#### [To do]
Print all of the entries exactly, minus the pictures.

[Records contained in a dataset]
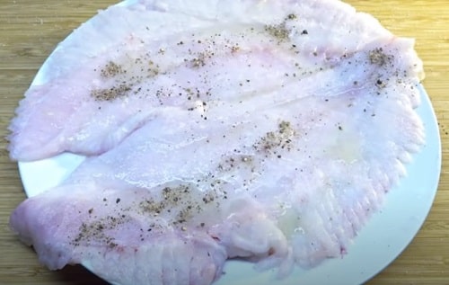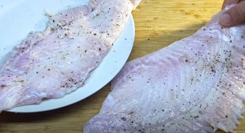 Розправте філе риби. Злегка підсолити, пролийте лимонним соком. Посипте цукром, буквально чуть-чуть, заправте меленим перцем.
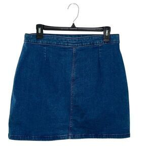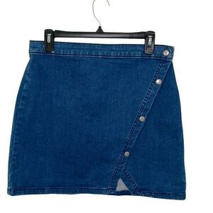 We The Free Womens Notched Front Button Denim Mini Skirt Blue Size 12
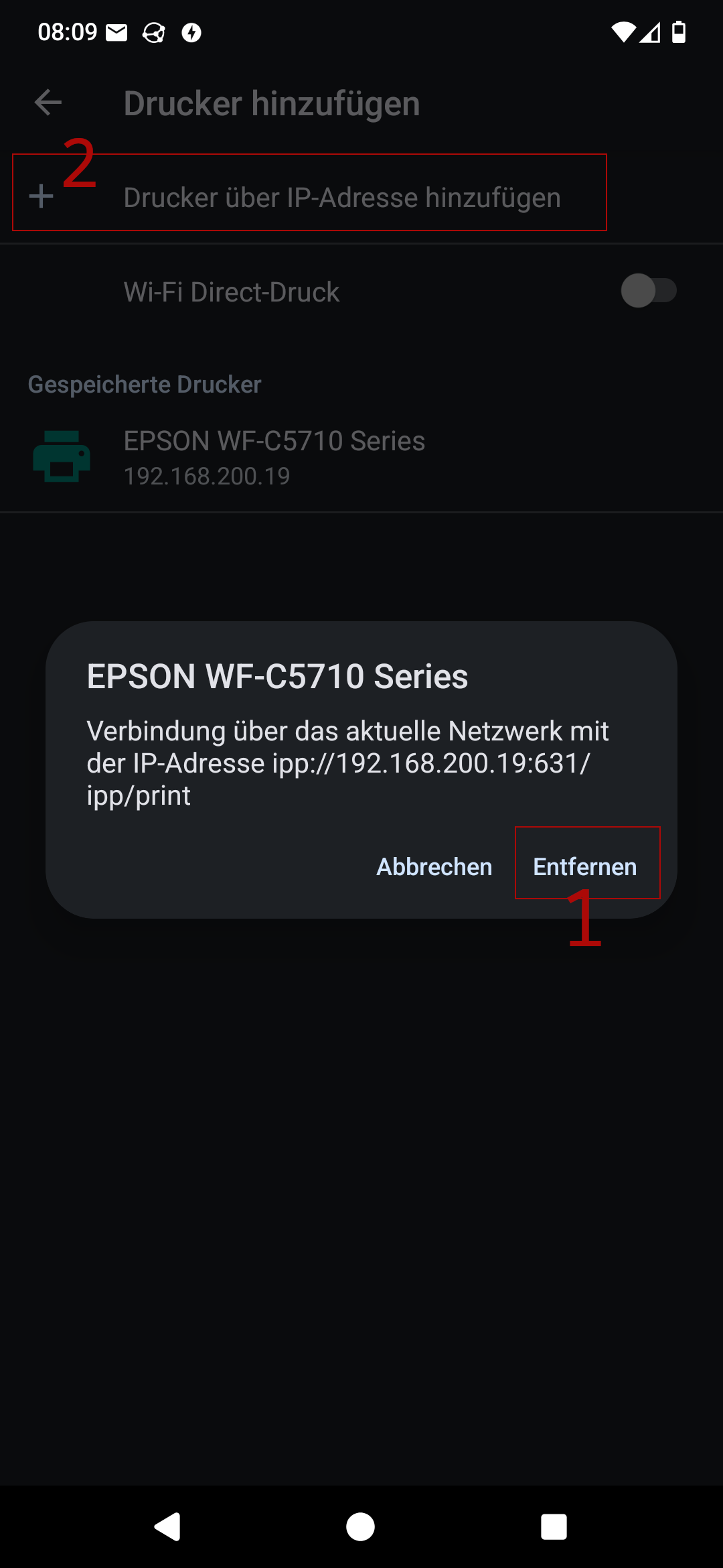 A completely different alternative is to activate WiFi Direct on the printer. Then I just have to go to the printer in the printer’s range.
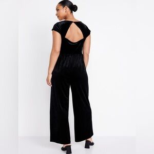 Step out in style with this elegant black velvet jumpsuit. Perfect for any occasion, it offers a flattering fit and luxurious feel.
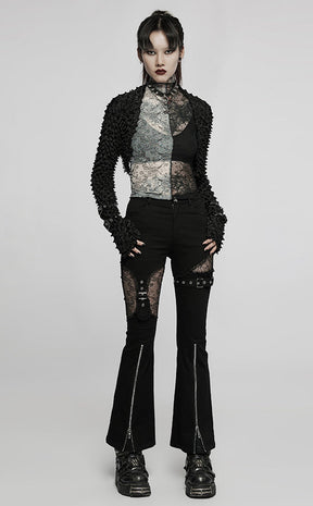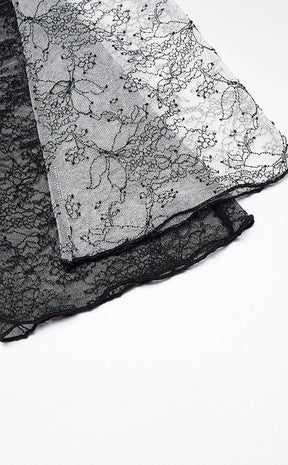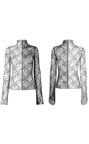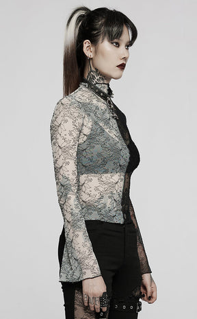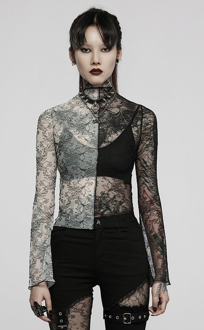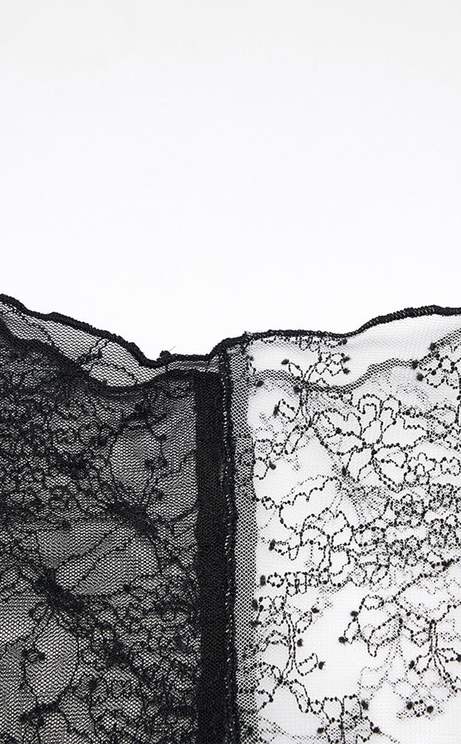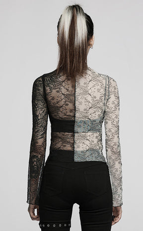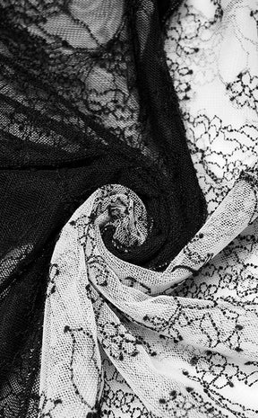 Get the best of both worlds in the Flipside Lace Top. This statement top is split down the middle with a simple yet effective combo of white and black lace, featuring a lightly ruffled high collar and lightly flared sleeves.
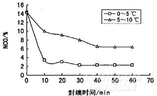 封端是放熱反應,封端溫度要盡可能低,只有這樣,亞硫酸氫鈉才有可能與活潑的高分子物發生反應,但是釋放的熱量又會加劇其可逆反應和副反應。封端溫度和時間對封端反應的影響見圖3。
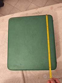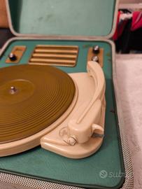 Prodotto dall'azienda italiana Nuova Faro di Milano, risalente agli anni '50/'60. Presenta manopole per la regolazione di "Volume","Bassi" e "Acuti", indicando il livello di controllo del tono. Il design a valigetta, con finitura verde acqua e griglia dell'altoparlante dorata, tipico dell'estetica dell'epoca. Funzionano sia amplificatore che rotazione del piatto da revisionare
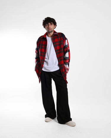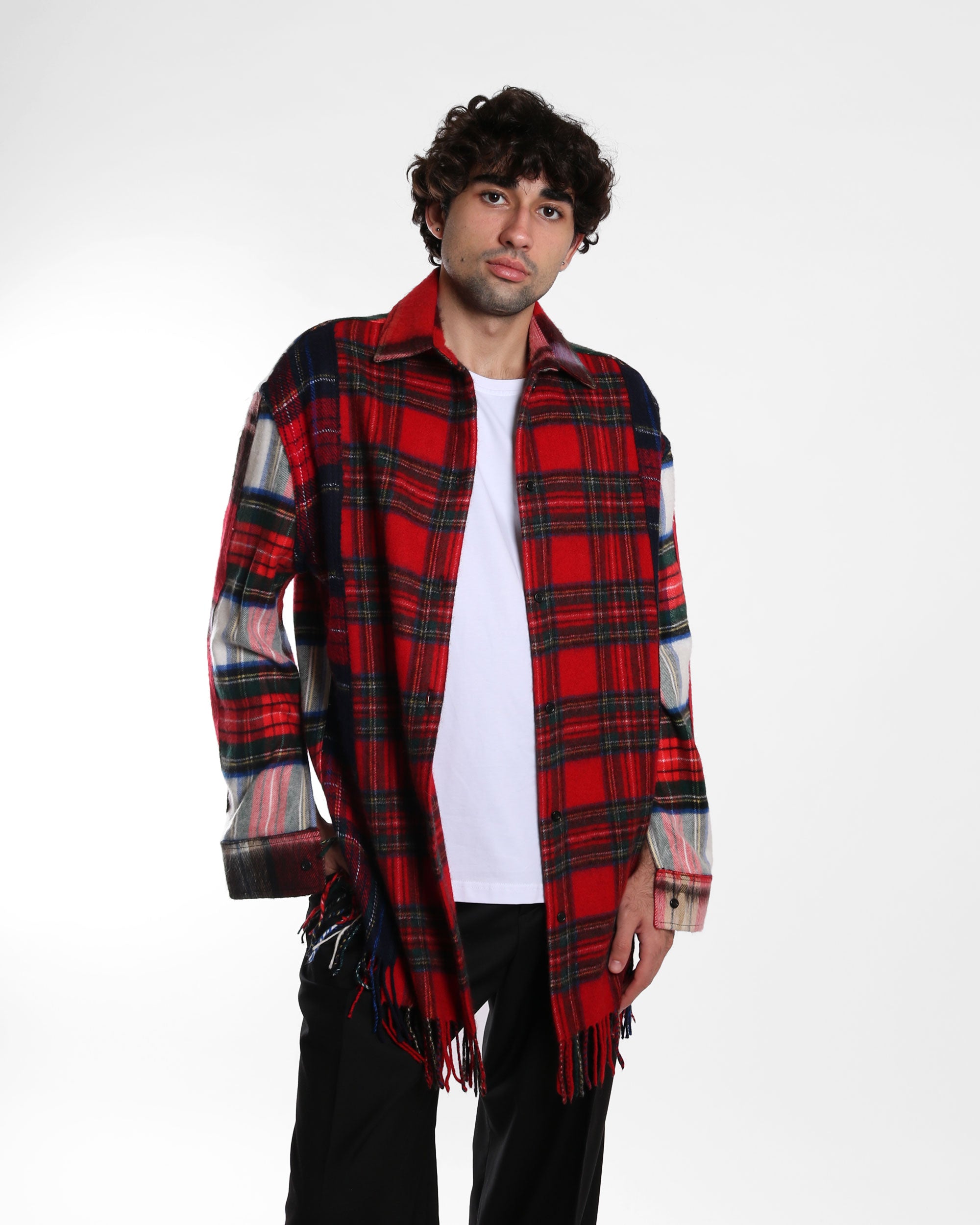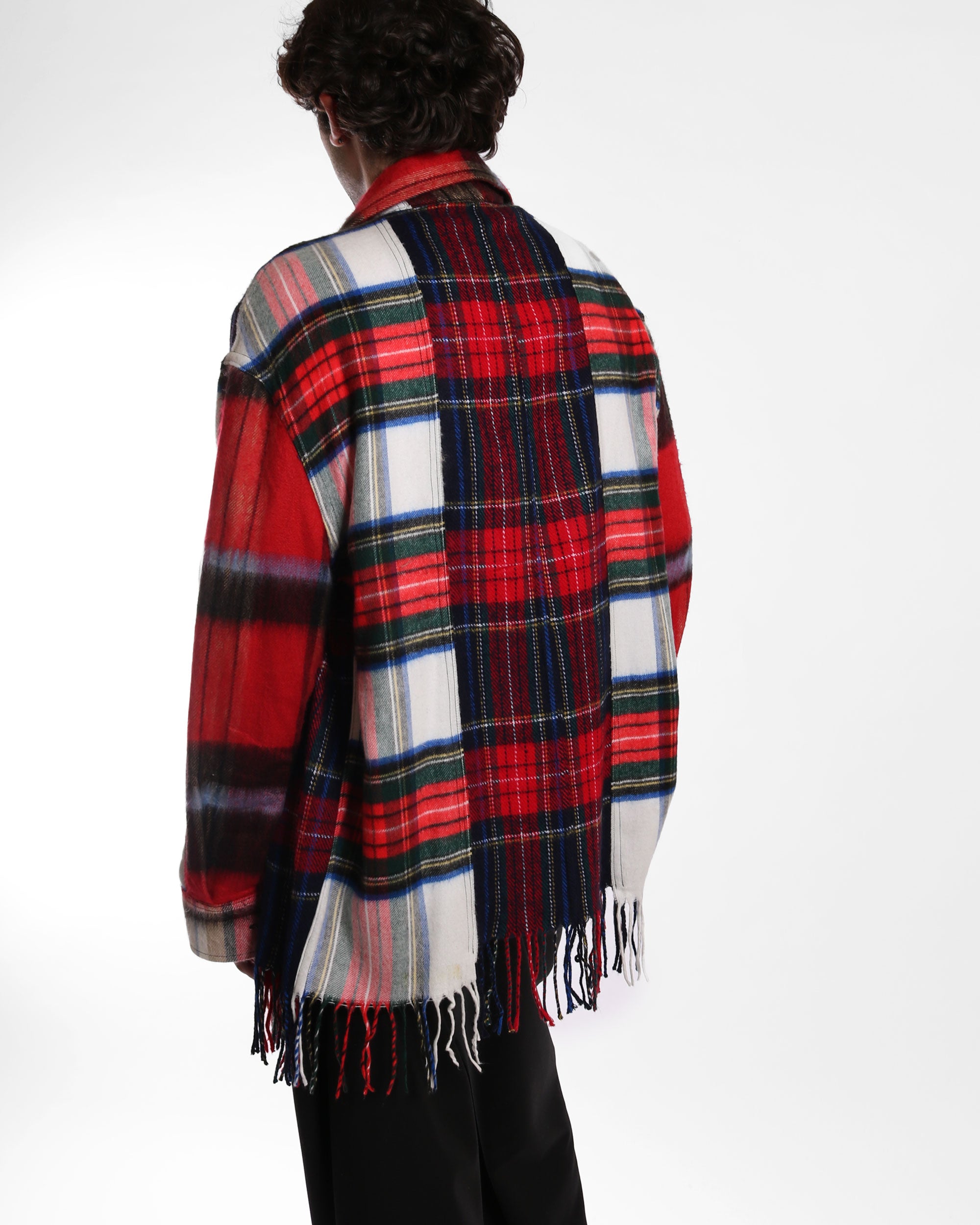 A shirt constructed entirely from wool scarves, combined to create a relaxed, elongated silhouette with visible patchwork and raw fringed edges. Familiar winter accessories are reworked into a lightweight outer layer, blending warmth, texture, and graphic patterning in an easy-to-wear form.
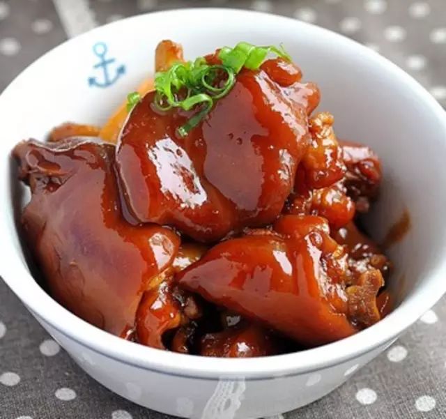 食材:(一汤匙=15ml):猪蹄500g、葱、姜、八角一颗、花椒十粒、生抽两汤匙、老抽半汤匙、料酒一汤匙、冰糖一汤匙、香油半汤匙。 做法: 1.猪蹄清洗干净,锅中放水放葱姜烧开后,放入猪蹄开着盖子煮两分钟,捞出用冷水冲降温,沥干。 2.炒糖色:锅中放一汤匙色拉油,放一汤匙冰糖碎(冰糖用布包好砸碎),小火煮到冰糖融化颜色变深。 3.倒入焯好的猪蹄,不断翻炒至粘满糖色。 4.倒入两汤匙生抽,半汤匙老抽炒匀至猪蹄全部上色。 5.倒入一汤匙料酒和姜片炒匀。 6.把一颗八角和十粒花椒装入茶包袋,和葱同时放入锅中。 7.加足量水没过猪蹄,水开转小火加盖焖两个小时。 8.开盖转大火收浓汁水,出锅前淋些香油炒匀即可。 提醒: 1. 猪蹄要开水下锅焯水。开水能让猪蹄的肉皮更紧实,炖制时不易烂。 2. 要用冰糖,冰糖会让猪蹄成品颜色红亮。 3. 为了成品软嫩只放生抽老抽不放盐。盐最容易使蛋白质凝固,所以不放一点盐。 4. 要控制好火候。炖制的时候一定是开最小火,用铸铁锅炖两小时,普通锅子要炖三小时左右。小火是保证猪蹄软嫩的关键,大火会将猪蹄炖的烂不成形。
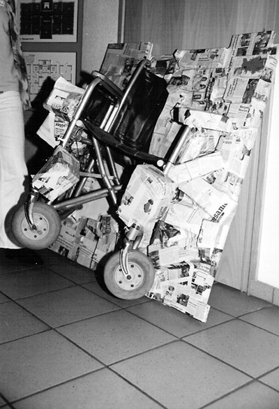 | ▲핍에 들어서자 가장 먼저 눈에 띄는 조형물이 있다. 휠체어가 벽 같은 것을 뚫고 나오는 모습이다. 장애를 가진 사람들이 벽을 벽으로 느끼지 말고 주체적으로 맞서야 한다는 의미란다. 일상의 모든 장벽으로부터 해방되어야 한다는... |

#### [Answer box]
 Розправте філе риби. Злегка підсолити, пролийте лимонним соком. Посипте цукром, буквально чуть-чуть, заправте меленим перцем.
 We The Free Womens Notched Front Button Denim Mini Skirt Blue Size 12
 A completely different alternative is to activate WiFi Direct on the printer. Then I just have to go to the printer in the printer’s range.
 Step out in style with this elegant black velvet jumpsuit. Perfect for any occasion, it offers a flattering fit and luxurious feel.
 Get the best of both worlds in the Flipside Lace Top. This statement top is split down the middle with a simple yet effective combo of white and black lace, featuring a lightly ruffled high collar and lightly flared sleeves.
 封端是放熱反應,封端溫度要盡可能低,只有這樣,亞硫酸氫鈉才有可能與活潑的高分子物發生反應,但是釋放的熱量又會加劇其可逆反應和副反應。封端溫度和時間對封端反應的影響見圖3。
 Prodotto dall'azienda italiana Nuova Faro di Milano, risalente agli anni '50/'60. Presenta manopole per la regolazione di "Volume","Bassi" e "Acuti", indicando il livello di controllo del tono. Il design a valigetta, con finitura verde acqua e griglia dell'altoparlante dorata, tipico dell'estetica dell'epoca. Funzionano sia amplificatore che rotazione del piatto da revisionare
 A shirt constructed entirely from wool scarves, combined to create a relaxed, elongated silhouette with visible patchwork and raw fringed edges. Familiar winter accessories are reworked into a lightweight outer layer, blending warmth, texture, and graphic patterning in an easy-to-wear form.
 食材:(一汤匙=15ml):猪蹄500g、葱、姜、八角一颗、花椒十粒、生抽两汤匙、老抽半汤匙、料酒一汤匙、冰糖一汤匙、香油半汤匙。 做法: 1.猪蹄清洗干净,锅中放水放葱姜烧开后,放入猪蹄开着盖子煮两分钟,捞出用冷水冲降温,沥干。 2.炒糖色:锅中放一汤匙色拉油,放一汤匙冰糖碎(冰糖用布包好砸碎),小火煮到冰糖融化颜色变深。 3.倒入焯好的猪蹄,不断翻炒至粘满糖色。 4.倒入两汤匙生抽,半汤匙老抽炒匀至猪蹄全部上色。 5.倒入一汤匙料酒和姜片炒匀。 6.把一颗八角和十粒花椒装入茶包袋,和葱同时放入锅中。 7.加足量水没过猪蹄,水开转小火加盖焖两个小时。 8.开盖转大火收浓汁水,出锅前淋些香油炒匀即可。 提醒: 1. 猪蹄要开水下锅焯水。开水能让猪蹄的肉皮更紧实,炖制时不易烂。 2. 要用冰糖,冰糖会让猪蹄成品颜色红亮。 3. 为了成品软嫩只放生抽老抽不放盐。盐最容易使蛋白质凝固,所以不放一点盐。 4. 要控制好火候。炖制的时候一定是开最小火,用铸铁锅炖两小时,普通锅子要炖三小时左右。小火是保证猪蹄软嫩的关键,大火会将猪蹄炖的烂不成形。
 | ▲핍에 들어서자 가장 먼저 눈에 띄는 조형물이 있다. 휠체어가 벽 같은 것을 뚫고 나오는 모습이다. 장애를 가진 사람들이 벽을 벽으로 느끼지 말고 주체적으로 맞서야 한다는 의미란다. 일상의 모든 장벽으로부터 해방되어야 한다는... |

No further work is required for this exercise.